Utilization of front-face fluorescence spectroscopy for monitoring lipid oxidation during Lebanese Qishta aging

Abstract

Front-face fluorescence spectroscopy technique coupled with chemometric tools was used for predicting the freshness state of a Lebanese dairy product called Qishta, stored up to 20 days. Acid, peroxide and thiobarbituric acid reactive substances (TBARS) values reached no more than 0.93 mg NaOH g−1 fat, 6.22 meq O2 Kg−1 fat, and 0.0313 mg malonaldehyde (MA) kg−1 sample, respectively, throughout the investigated storage time. In parallel, fluorescence emission spectra of tryptophan and riboflavin, and fluorescence excitation spectra of vitamin A were recorded and showed the highest fluorescence intensity for the Qishta samples aged of 20 days and the lowest intensity for the fresh ones. The primary and secondary indicators of lipid oxidation showed that Qishta can be stored for 20 days without any alteration despite the increase in the TBARS after 16 days of storage.

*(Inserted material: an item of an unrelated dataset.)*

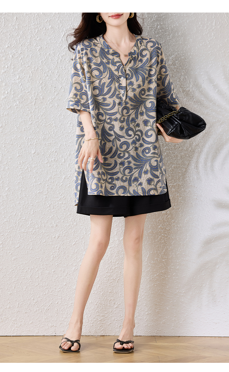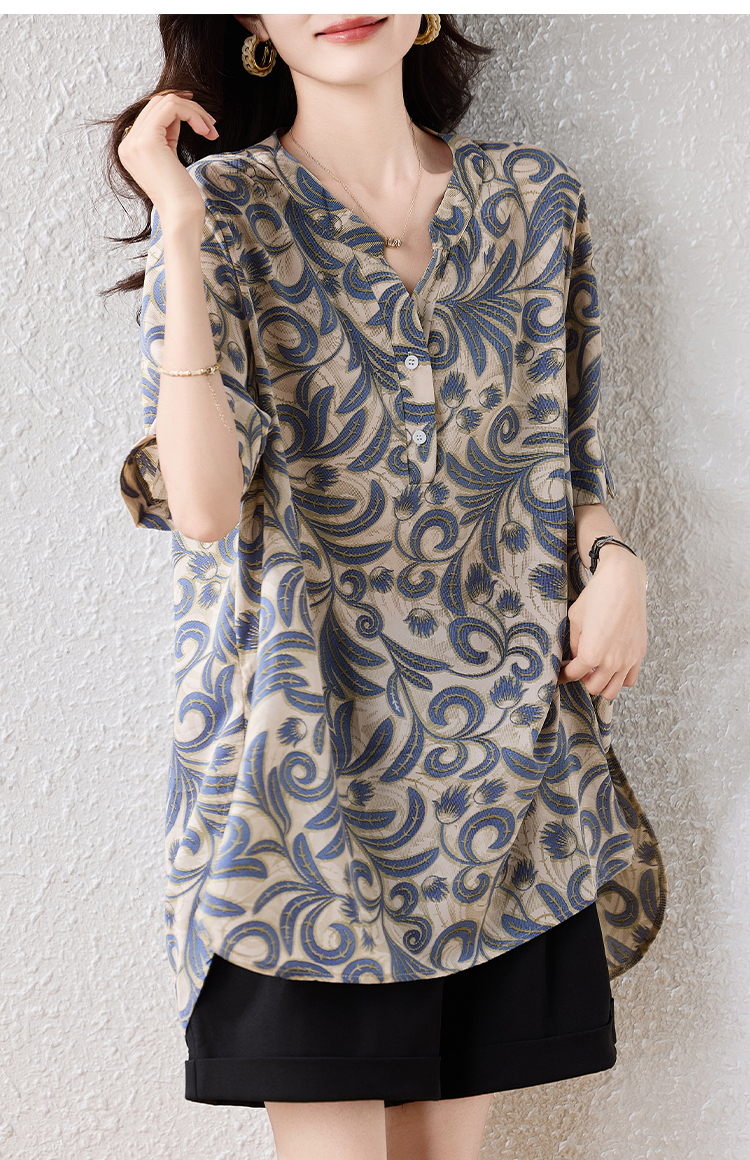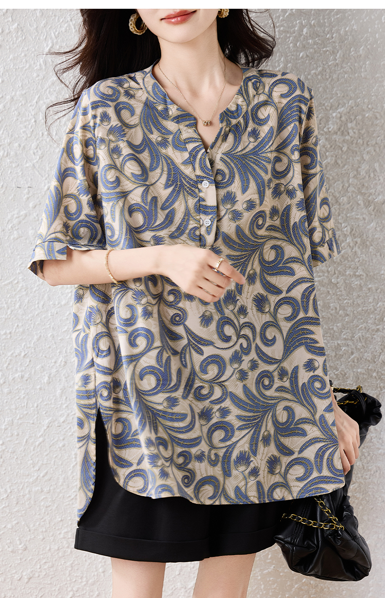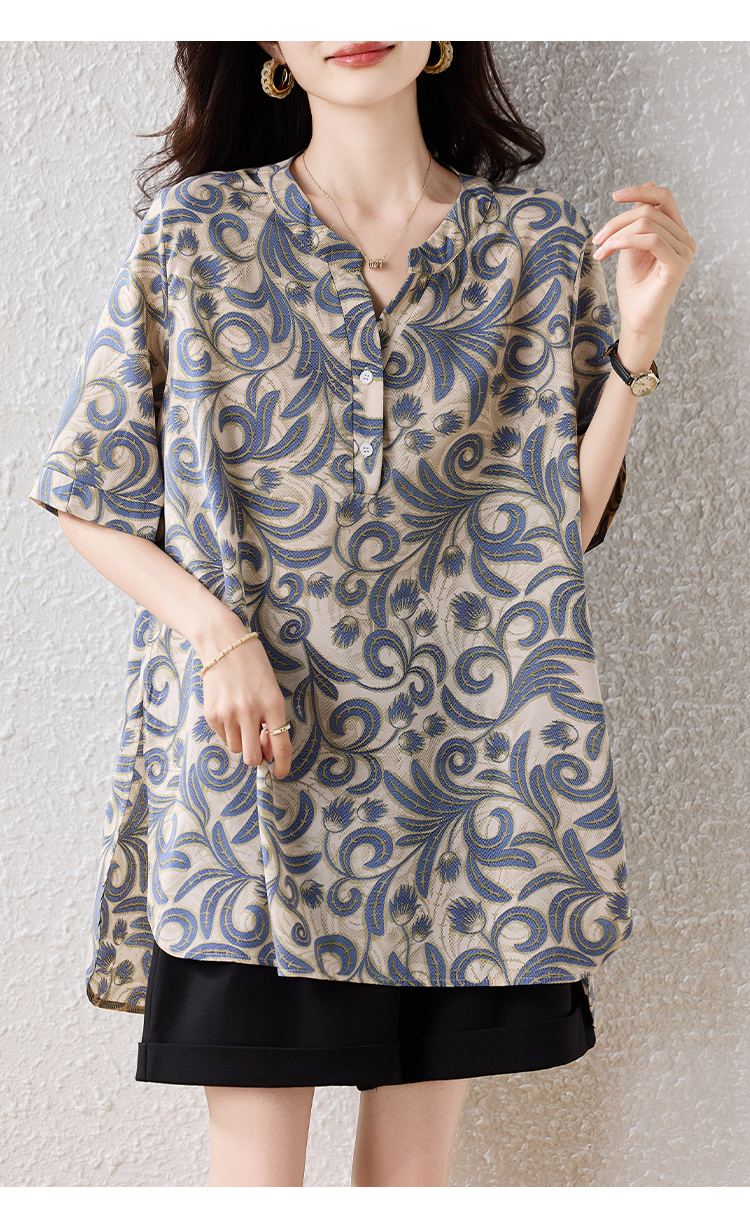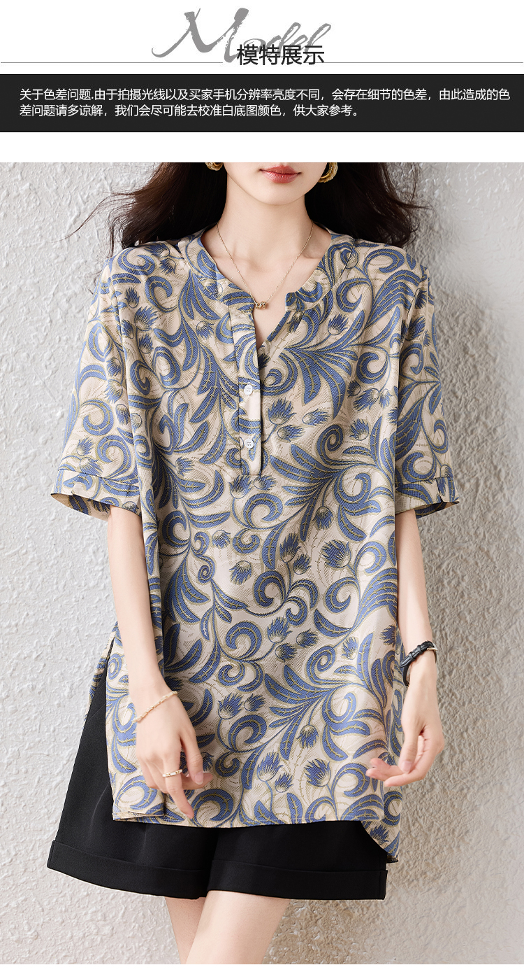 RY377# 实拍2026夏季新款V领短袖宽松型中长款大码T恤时尚透气显瘦上衣女

Principal component analysis (PCA) applied on riboflavin emission spectra allowed better discrimination between Qishta samples with a clear distinction of those aged 20 days while some overlapping was noticed between samples aged below 16 days. A high correlation (R2 = 0.923) was observed between the peroxide value and the intensity of the riboflavin fluorescence recorded at 460 nm.